Once you have read the records below, print them again exactly as they stand.

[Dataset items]

★ ★ ★

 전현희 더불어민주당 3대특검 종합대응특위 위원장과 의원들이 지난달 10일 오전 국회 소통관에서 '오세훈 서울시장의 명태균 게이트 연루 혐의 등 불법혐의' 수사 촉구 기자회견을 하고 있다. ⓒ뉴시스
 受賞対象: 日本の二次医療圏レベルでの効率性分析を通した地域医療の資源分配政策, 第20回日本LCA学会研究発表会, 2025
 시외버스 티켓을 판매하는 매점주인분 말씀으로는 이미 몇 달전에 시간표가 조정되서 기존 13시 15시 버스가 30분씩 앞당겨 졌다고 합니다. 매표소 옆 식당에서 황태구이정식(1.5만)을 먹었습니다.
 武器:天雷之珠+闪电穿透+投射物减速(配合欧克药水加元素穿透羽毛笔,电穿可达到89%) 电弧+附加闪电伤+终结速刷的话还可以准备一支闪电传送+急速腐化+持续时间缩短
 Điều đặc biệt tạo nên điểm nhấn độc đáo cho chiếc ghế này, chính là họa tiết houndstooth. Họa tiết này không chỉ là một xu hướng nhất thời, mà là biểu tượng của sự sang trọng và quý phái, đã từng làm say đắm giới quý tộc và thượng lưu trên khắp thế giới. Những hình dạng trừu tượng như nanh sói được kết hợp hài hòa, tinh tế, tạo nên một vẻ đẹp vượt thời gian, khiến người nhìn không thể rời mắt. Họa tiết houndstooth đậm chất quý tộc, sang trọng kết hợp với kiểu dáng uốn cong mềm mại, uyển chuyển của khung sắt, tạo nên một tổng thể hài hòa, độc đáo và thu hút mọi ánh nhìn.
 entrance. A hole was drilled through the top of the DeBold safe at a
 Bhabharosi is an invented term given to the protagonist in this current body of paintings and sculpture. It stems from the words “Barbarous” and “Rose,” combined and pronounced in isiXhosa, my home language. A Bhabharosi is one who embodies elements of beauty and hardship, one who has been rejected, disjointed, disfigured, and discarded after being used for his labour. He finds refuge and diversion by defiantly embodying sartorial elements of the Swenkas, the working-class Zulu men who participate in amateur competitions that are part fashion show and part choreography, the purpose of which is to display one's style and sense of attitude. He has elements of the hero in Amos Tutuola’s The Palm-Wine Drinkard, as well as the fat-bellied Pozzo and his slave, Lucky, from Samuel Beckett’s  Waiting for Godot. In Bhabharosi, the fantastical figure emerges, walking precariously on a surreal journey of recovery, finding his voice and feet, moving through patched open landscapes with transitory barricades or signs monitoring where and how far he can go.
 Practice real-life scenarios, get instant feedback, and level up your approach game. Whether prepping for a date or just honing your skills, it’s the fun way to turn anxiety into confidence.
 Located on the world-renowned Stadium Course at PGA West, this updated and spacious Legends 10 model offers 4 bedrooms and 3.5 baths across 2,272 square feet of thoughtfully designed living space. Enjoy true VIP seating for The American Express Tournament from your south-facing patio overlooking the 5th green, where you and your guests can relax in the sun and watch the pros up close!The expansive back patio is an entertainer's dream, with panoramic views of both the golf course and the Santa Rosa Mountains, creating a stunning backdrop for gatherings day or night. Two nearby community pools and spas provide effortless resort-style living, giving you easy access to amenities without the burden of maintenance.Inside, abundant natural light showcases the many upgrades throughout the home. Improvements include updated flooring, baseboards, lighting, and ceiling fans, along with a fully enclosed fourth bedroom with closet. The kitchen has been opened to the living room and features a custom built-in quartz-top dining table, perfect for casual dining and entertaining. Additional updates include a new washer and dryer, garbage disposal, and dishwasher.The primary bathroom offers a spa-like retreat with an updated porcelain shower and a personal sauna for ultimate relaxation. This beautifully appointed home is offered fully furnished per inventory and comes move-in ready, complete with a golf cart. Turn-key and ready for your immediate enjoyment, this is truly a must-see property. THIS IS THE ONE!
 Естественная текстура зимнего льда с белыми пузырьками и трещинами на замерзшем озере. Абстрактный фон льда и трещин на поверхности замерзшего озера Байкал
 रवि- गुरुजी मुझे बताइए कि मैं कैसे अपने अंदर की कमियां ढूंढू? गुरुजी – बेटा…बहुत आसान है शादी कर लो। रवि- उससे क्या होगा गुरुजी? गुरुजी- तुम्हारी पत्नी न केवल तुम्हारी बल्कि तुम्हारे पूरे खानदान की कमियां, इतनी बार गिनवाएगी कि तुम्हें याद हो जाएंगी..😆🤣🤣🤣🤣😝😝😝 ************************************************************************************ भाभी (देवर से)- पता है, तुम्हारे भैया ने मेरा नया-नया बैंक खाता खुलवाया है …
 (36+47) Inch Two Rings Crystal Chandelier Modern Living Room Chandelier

★ ★ ★

▸ **OUTPUT OF THE EXERCISE**:
 전현희 더불어민주당 3대특검 종합대응특위 위원장과 의원들이 지난달 10일 오전 국회 소통관에서 '오세훈 서울시장의 명태균 게이트 연루 혐의 등 불법혐의' 수사 촉구 기자회견을 하고 있다. ⓒ뉴시스
 受賞対象: 日本の二次医療圏レベルでの効率性分析を通した地域医療の資源分配政策, 第20回日本LCA学会研究発表会, 2025
 시외버스 티켓을 판매하는 매점주인분 말씀으로는 이미 몇 달전에 시간표가 조정되서 기존 13시 15시 버스가 30분씩 앞당겨 졌다고 합니다. 매표소 옆 식당에서 황태구이정식(1.5만)을 먹었습니다.
 武器:天雷之珠+闪电穿透+投射物减速(配合欧克药水加元素穿透羽毛笔,电穿可达到89%) 电弧+附加闪电伤+终结速刷的话还可以准备一支闪电传送+急速腐化+持续时间缩短
 Điều đặc biệt tạo nên điểm nhấn độc đáo cho chiếc ghế này, chính là họa tiết houndstooth. Họa tiết này không chỉ là một xu hướng nhất thời, mà là biểu tượng của sự sang trọng và quý phái, đã từng làm say đắm giới quý tộc và thượng lưu trên khắp thế giới. Những hình dạng trừu tượng như nanh sói được kết hợp hài hòa, tinh tế, tạo nên một vẻ đẹp vượt thời gian, khiến người nhìn không thể rời mắt. Họa tiết houndstooth đậm chất quý tộc, sang trọng kết hợp với kiểu dáng uốn cong mềm mại, uyển chuyển của khung sắt, tạo nên một tổng thể hài hòa, độc đáo và thu hút mọi ánh nhìn.
 entrance. A hole was drilled through the top of the DeBold safe at a
 Bhabharosi is an invented term given to the protagonist in this current body of paintings and sculpture. It stems from the words “Barbarous” and “Rose,” combined and pronounced in isiXhosa, my home language. A Bhabharosi is one who embodies elements of beauty and hardship, one who has been rejected, disjointed, disfigured, and discarded after being used for his labour. He finds refuge and diversion by defiantly embodying sartorial elements of the Swenkas, the working-class Zulu men who participate in amateur competitions that are part fashion show and part choreography, the purpose of which is to display one's style and sense of attitude. He has elements of the hero in Amos Tutuola’s The Palm-Wine Drinkard, as well as the fat-bellied Pozzo and his slave, Lucky, from Samuel Beckett’s  Waiting for Godot. In Bhabharosi, the fantastical figure emerges, walking precariously on a surreal journey of recovery, finding his voice and feet, moving through patched open landscapes with transitory barricades or signs monitoring where and how far he can go.
 Practice real-life scenarios, get instant feedback, and level up your approach game. Whether prepping for a date or just honing your skills, it’s the fun way to turn anxiety into confidence.
 Located on the world-renowned Stadium Course at PGA West, this updated and spacious Legends 10 model offers 4 bedrooms and 3.5 baths across 2,272 square feet of thoughtfully designed living space. Enjoy true VIP seating for The American Express Tournament from your south-facing patio overlooking the 5th green, where you and your guests can relax in the sun and watch the pros up close!The expansive back patio is an entertainer's dream, with panoramic views of both the golf course and the Santa Rosa Mountains, creating a stunning backdrop for gatherings day or night. Two nearby community pools and spas provide effortless resort-style living, giving you easy access to amenities without the burden of maintenance.Inside, abundant natural light showcases the many upgrades throughout the home. Improvements include updated flooring, baseboards, lighting, and ceiling fans, along with a fully enclosed fourth bedroom with closet. The kitchen has been opened to the living room and features a custom built-in quartz-top dining table, perfect for casual dining and entertaining. Additional updates include a new washer and dryer, garbage disposal, and dishwasher.The primary bathroom offers a spa-like retreat with an updated porcelain shower and a personal sauna for ultimate relaxation. This beautifully appointed home is offered fully furnished per inventory and comes move-in ready, complete with a golf cart. Turn-key and ready for your immediate enjoyment, this is truly a must-see property. THIS IS THE ONE!
 Естественная текстура зимнего льда с белыми пузырьками и трещинами на замерзшем озере. Абстрактный фон льда и трещин на поверхности замерзшего озера Байкал
 रवि- गुरुजी मुझे बताइए कि मैं कैसे अपने अंदर की कमियां ढूंढू? गुरुजी – बेटा…बहुत आसान है शादी कर लो। रवि- उससे क्या होगा गुरुजी? गुरुजी- तुम्हारी पत्नी न केवल तुम्हारी बल्कि तुम्हारे पूरे खानदान की कमियां, इतनी बार गिनवाएगी कि तुम्हें याद हो जाएंगी..😆🤣🤣🤣🤣😝😝😝 ************************************************************************************ भाभी (देवर से)- पता है, तुम्हारे भैया ने मेरा नया-नया बैंक खाता खुलवाया है …
 (36+47) Inch Two Rings Crystal Chandelier Modern Living Room Chandelier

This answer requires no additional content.